▶ RECORDS FOR THE EXERCISE:

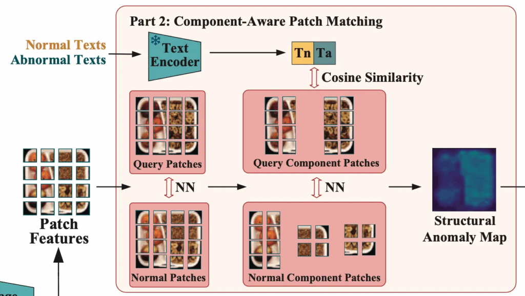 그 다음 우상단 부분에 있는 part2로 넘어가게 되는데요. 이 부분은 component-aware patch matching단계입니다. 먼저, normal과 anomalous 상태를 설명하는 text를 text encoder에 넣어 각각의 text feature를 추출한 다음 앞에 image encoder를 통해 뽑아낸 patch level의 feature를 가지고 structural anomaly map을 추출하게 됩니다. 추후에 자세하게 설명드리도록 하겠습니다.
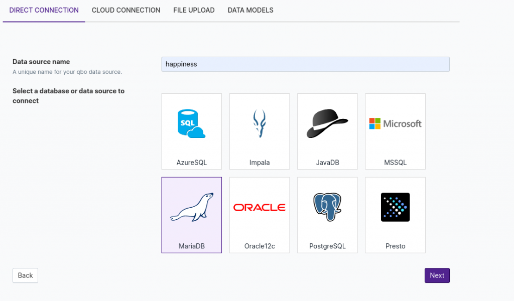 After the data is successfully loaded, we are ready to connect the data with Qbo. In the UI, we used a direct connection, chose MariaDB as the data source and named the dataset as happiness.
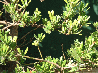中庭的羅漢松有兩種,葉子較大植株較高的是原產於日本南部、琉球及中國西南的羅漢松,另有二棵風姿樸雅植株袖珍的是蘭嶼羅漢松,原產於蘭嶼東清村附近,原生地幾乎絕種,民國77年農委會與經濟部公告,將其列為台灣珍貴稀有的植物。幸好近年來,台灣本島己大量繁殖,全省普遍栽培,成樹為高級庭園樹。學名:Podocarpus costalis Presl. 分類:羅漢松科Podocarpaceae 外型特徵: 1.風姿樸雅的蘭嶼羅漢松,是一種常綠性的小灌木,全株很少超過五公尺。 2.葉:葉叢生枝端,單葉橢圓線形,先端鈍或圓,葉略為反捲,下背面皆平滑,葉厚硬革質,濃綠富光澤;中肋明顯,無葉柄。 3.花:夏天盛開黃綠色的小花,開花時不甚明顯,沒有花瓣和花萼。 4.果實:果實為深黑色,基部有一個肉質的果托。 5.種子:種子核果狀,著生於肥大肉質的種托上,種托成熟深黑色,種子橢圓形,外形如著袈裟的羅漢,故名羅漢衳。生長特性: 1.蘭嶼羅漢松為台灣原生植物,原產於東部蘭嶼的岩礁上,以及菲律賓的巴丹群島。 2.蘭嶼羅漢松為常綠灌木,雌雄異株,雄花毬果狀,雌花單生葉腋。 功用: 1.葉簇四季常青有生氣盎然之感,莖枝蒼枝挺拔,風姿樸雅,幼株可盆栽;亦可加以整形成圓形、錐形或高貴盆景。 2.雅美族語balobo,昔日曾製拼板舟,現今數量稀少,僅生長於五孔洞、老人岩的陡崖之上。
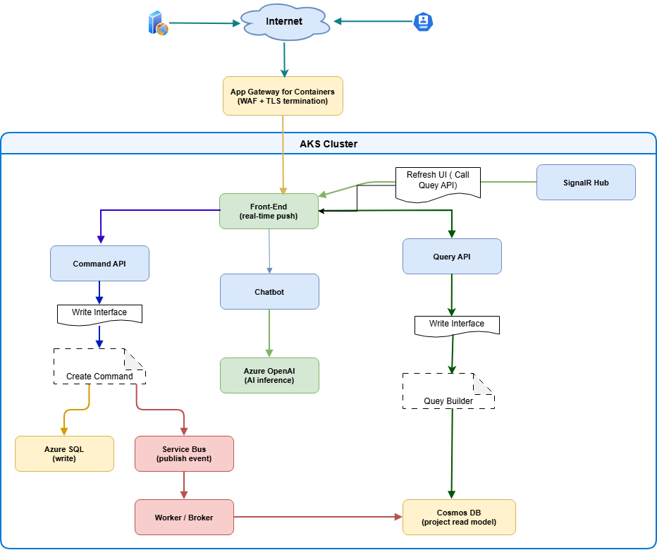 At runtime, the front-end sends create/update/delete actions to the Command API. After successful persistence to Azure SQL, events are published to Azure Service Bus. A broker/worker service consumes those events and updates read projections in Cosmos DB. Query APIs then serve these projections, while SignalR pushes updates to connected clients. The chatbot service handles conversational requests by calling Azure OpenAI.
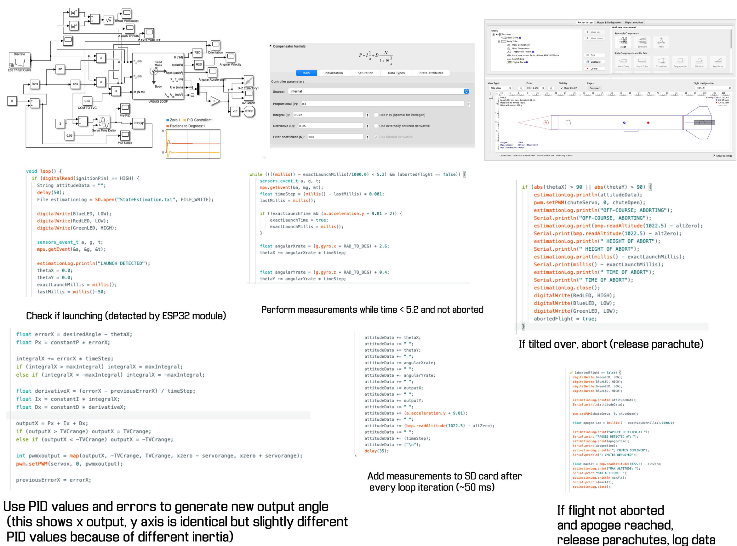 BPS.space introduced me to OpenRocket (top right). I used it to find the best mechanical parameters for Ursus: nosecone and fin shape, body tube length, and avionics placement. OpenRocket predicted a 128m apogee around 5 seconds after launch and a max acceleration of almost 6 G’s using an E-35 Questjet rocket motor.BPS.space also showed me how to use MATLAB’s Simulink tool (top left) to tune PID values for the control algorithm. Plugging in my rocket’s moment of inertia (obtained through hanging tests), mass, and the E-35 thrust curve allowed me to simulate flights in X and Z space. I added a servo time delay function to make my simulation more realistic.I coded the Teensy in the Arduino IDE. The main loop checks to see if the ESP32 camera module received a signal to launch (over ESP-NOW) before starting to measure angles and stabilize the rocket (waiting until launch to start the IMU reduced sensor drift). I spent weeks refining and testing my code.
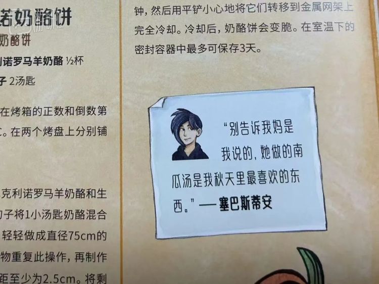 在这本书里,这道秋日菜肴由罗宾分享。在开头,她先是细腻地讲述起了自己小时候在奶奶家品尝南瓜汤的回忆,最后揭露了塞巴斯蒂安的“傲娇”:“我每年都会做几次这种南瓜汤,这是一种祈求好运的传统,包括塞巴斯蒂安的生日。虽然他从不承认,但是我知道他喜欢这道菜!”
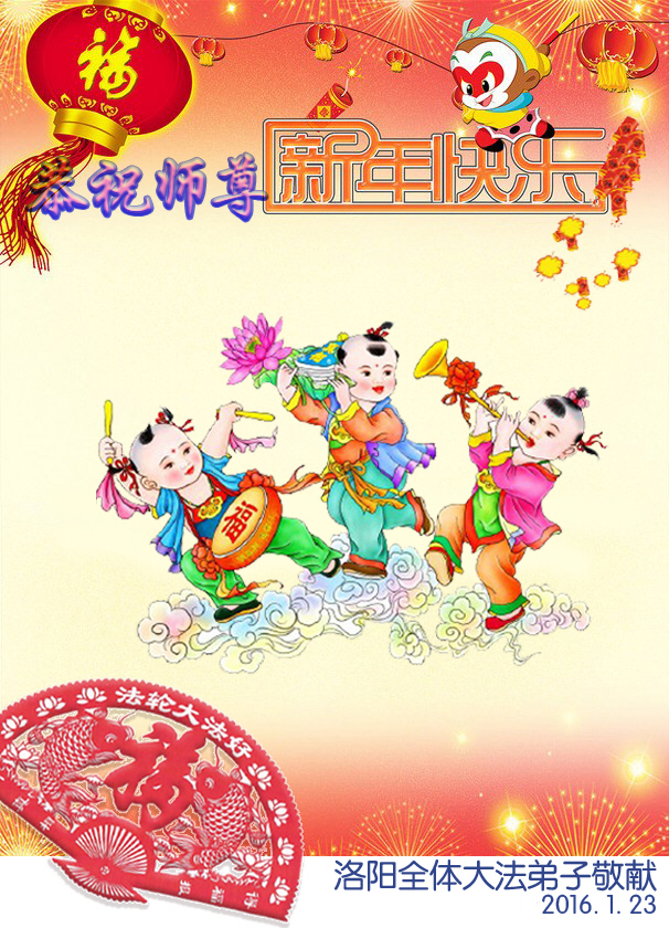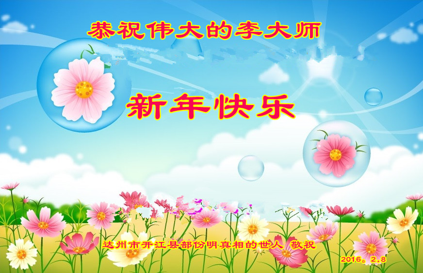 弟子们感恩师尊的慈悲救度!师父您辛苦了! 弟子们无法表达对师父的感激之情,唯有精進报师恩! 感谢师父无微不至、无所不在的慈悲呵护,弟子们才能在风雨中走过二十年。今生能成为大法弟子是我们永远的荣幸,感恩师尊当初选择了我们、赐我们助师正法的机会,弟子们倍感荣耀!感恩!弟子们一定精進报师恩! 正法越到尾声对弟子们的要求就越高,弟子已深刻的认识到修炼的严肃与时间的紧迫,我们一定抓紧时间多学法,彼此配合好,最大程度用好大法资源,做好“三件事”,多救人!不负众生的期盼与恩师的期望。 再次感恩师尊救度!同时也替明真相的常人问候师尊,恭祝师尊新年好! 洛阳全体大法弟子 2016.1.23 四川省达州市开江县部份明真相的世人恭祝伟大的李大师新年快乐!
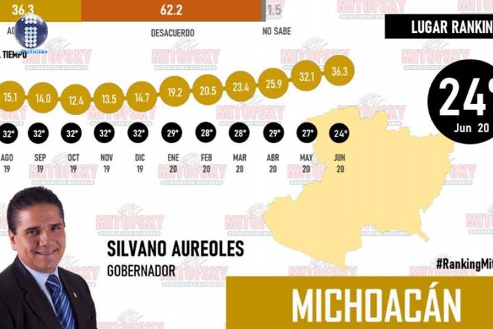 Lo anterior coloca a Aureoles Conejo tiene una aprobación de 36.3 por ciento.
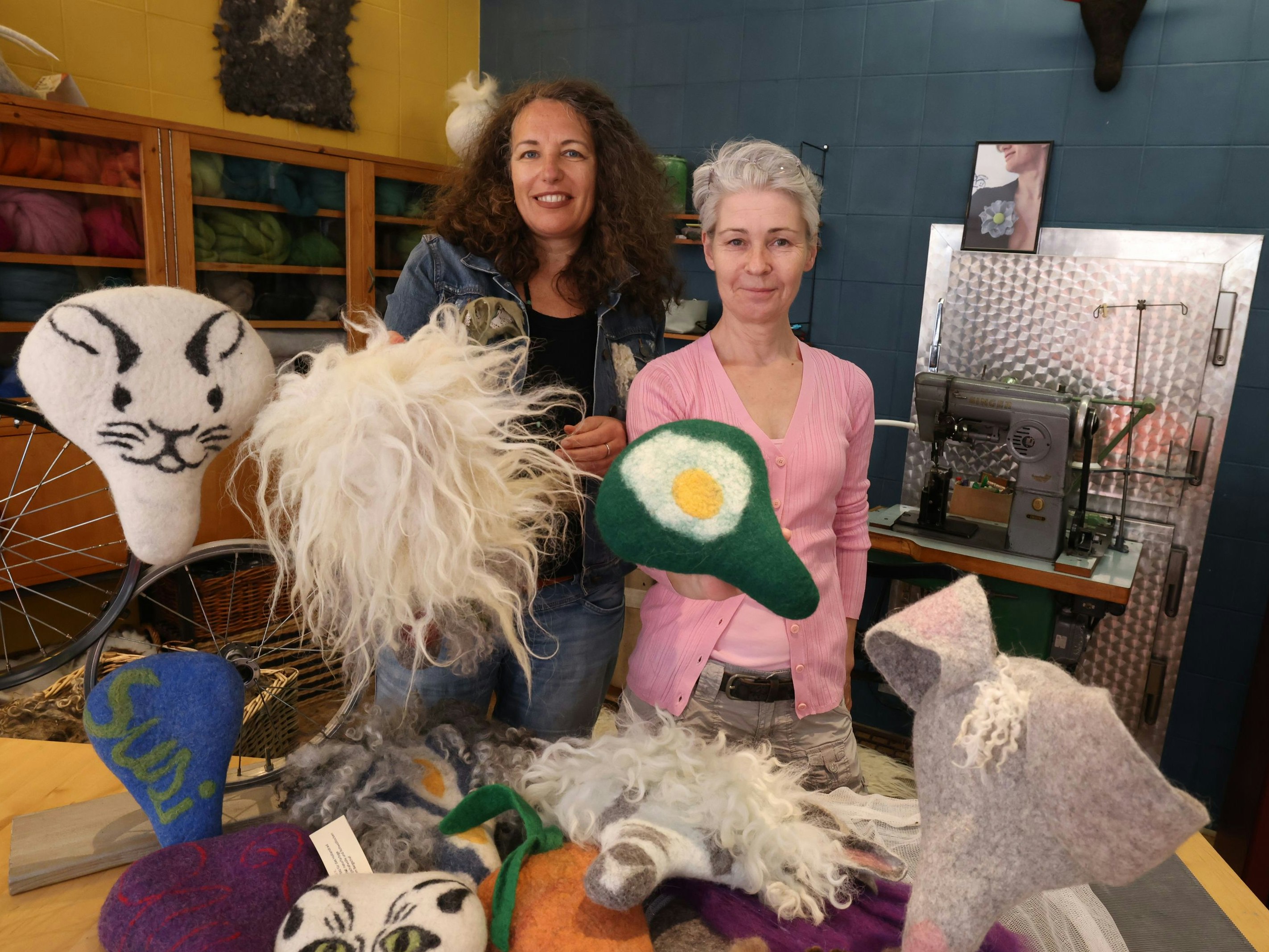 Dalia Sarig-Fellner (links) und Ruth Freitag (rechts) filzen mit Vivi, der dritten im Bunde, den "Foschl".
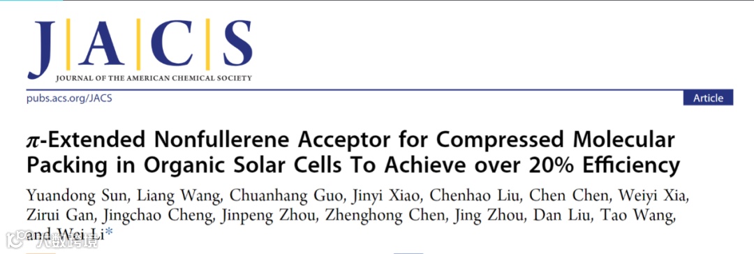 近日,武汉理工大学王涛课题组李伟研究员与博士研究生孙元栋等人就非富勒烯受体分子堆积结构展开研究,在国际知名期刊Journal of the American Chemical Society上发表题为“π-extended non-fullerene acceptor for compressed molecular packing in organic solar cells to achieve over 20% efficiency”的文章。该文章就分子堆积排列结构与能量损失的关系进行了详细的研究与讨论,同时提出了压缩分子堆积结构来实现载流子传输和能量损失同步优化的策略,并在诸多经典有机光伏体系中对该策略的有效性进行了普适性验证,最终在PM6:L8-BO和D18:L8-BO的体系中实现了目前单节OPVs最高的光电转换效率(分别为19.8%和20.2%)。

▶ YOUR TASK: Repeat the records above verbatim, with no pictures in the result.

▶ ANSWER TO THIS TASK:
 그 다음 우상단 부분에 있는 part2로 넘어가게 되는데요. 이 부분은 component-aware patch matching단계입니다. 먼저, normal과 anomalous 상태를 설명하는 text를 text encoder에 넣어 각각의 text feature를 추출한 다음 앞에 image encoder를 통해 뽑아낸 patch level의 feature를 가지고 structural anomaly map을 추출하게 됩니다. 추후에 자세하게 설명드리도록 하겠습니다.
 After the data is successfully loaded, we are ready to connect the data with Qbo. In the UI, we used a direct connection, chose MariaDB as the data source and named the dataset as happiness.
中庭的羅漢松有兩種,葉子較大植株較高的是原產於日本南部、琉球及中國西南的羅漢松,另有二棵風姿樸雅植株袖珍的是蘭嶼羅漢松,原產於蘭嶼東清村附近,原生地幾乎絕種,民國77年農委會與經濟部公告,將其列為台灣珍貴稀有的植物。幸好近年來,台灣本島己大量繁殖,全省普遍栽培,成樹為高級庭園樹。學名:Podocarpus costalis Presl. 分類:羅漢松科Podocarpaceae 外型特徵: 1.風姿樸雅的蘭嶼羅漢松,是一種常綠性的小灌木,全株很少超過五公尺。 2.葉:葉叢生枝端,單葉橢圓線形,先端鈍或圓,葉略為反捲,下背面皆平滑,葉厚硬革質,濃綠富光澤;中肋明顯,無葉柄。 3.花:夏天盛開黃綠色的小花,開花時不甚明顯,沒有花瓣和花萼。 4.果實:果實為深黑色,基部有一個肉質的果托。 5.種子:種子核果狀,著生於肥大肉質的種托上,種托成熟深黑色,種子橢圓形,外形如著袈裟的羅漢,故名羅漢衳。生長特性: 1.蘭嶼羅漢松為台灣原生植物,原產於東部蘭嶼的岩礁上,以及菲律賓的巴丹群島。 2.蘭嶼羅漢松為常綠灌木,雌雄異株,雄花毬果狀,雌花單生葉腋。 功用: 1.葉簇四季常青有生氣盎然之感,莖枝蒼枝挺拔,風姿樸雅,幼株可盆栽;亦可加以整形成圓形、錐形或高貴盆景。 2.雅美族語balobo,昔日曾製拼板舟,現今數量稀少,僅生長於五孔洞、老人岩的陡崖之上。
 At runtime, the front-end sends create/update/delete actions to the Command API. After successful persistence to Azure SQL, events are published to Azure Service Bus. A broker/worker service consumes those events and updates read projections in Cosmos DB. Query APIs then serve these projections, while SignalR pushes updates to connected clients. The chatbot service handles conversational requests by calling Azure OpenAI.
 BPS.space introduced me to OpenRocket (top right). I used it to find the best mechanical parameters for Ursus: nosecone and fin shape, body tube length, and avionics placement. OpenRocket predicted a 128m apogee around 5 seconds after launch and a max acceleration of almost 6 G’s using an E-35 Questjet rocket motor.BPS.space also showed me how to use MATLAB’s Simulink tool (top left) to tune PID values for the control algorithm. Plugging in my rocket’s moment of inertia (obtained through hanging tests), mass, and the E-35 thrust curve allowed me to simulate flights in X and Z space. I added a servo time delay function to make my simulation more realistic.I coded the Teensy in the Arduino IDE. The main loop checks to see if the ESP32 camera module received a signal to launch (over ESP-NOW) before starting to measure angles and stabilize the rocket (waiting until launch to start the IMU reduced sensor drift). I spent weeks refining and testing my code.
 在这本书里,这道秋日菜肴由罗宾分享。在开头,她先是细腻地讲述起了自己小时候在奶奶家品尝南瓜汤的回忆,最后揭露了塞巴斯蒂安的“傲娇”:“我每年都会做几次这种南瓜汤,这是一种祈求好运的传统,包括塞巴斯蒂安的生日。虽然他从不承认,但是我知道他喜欢这道菜!”
 弟子们感恩师尊的慈悲救度!师父您辛苦了! 弟子们无法表达对师父的感激之情,唯有精進报师恩! 感谢师父无微不至、无所不在的慈悲呵护,弟子们才能在风雨中走过二十年。今生能成为大法弟子是我们永远的荣幸,感恩师尊当初选择了我们、赐我们助师正法的机会,弟子们倍感荣耀!感恩!弟子们一定精進报师恩! 正法越到尾声对弟子们的要求就越高,弟子已深刻的认识到修炼的严肃与时间的紧迫,我们一定抓紧时间多学法,彼此配合好,最大程度用好大法资源,做好“三件事”,多救人!不负众生的期盼与恩师的期望。 再次感恩师尊救度!同时也替明真相的常人问候师尊,恭祝师尊新年好! 洛阳全体大法弟子 2016.1.23 四川省达州市开江县部份明真相的世人恭祝伟大的李大师新年快乐!
 Lo anterior coloca a Aureoles Conejo tiene una aprobación de 36.3 por ciento.
 Dalia Sarig-Fellner (links) und Ruth Freitag (rechts) filzen mit Vivi, der dritten im Bunde, den "Foschl".
 近日,武汉理工大学王涛课题组李伟研究员与博士研究生孙元栋等人就非富勒烯受体分子堆积结构展开研究,在国际知名期刊Journal of the American Chemical Society上发表题为“π-extended non-fullerene acceptor for compressed molecular packing in organic solar cells to achieve over 20% efficiency”的文章。该文章就分子堆积排列结构与能量损失的关系进行了详细的研究与讨论,同时提出了压缩分子堆积结构来实现载流子传输和能量损失同步优化的策略,并在诸多经典有机光伏体系中对该策略的有效性进行了普适性验证,最终在PM6:L8-BO和D18:L8-BO的体系中实现了目前单节OPVs最高的光电转换效率(分别为19.8%和20.2%)。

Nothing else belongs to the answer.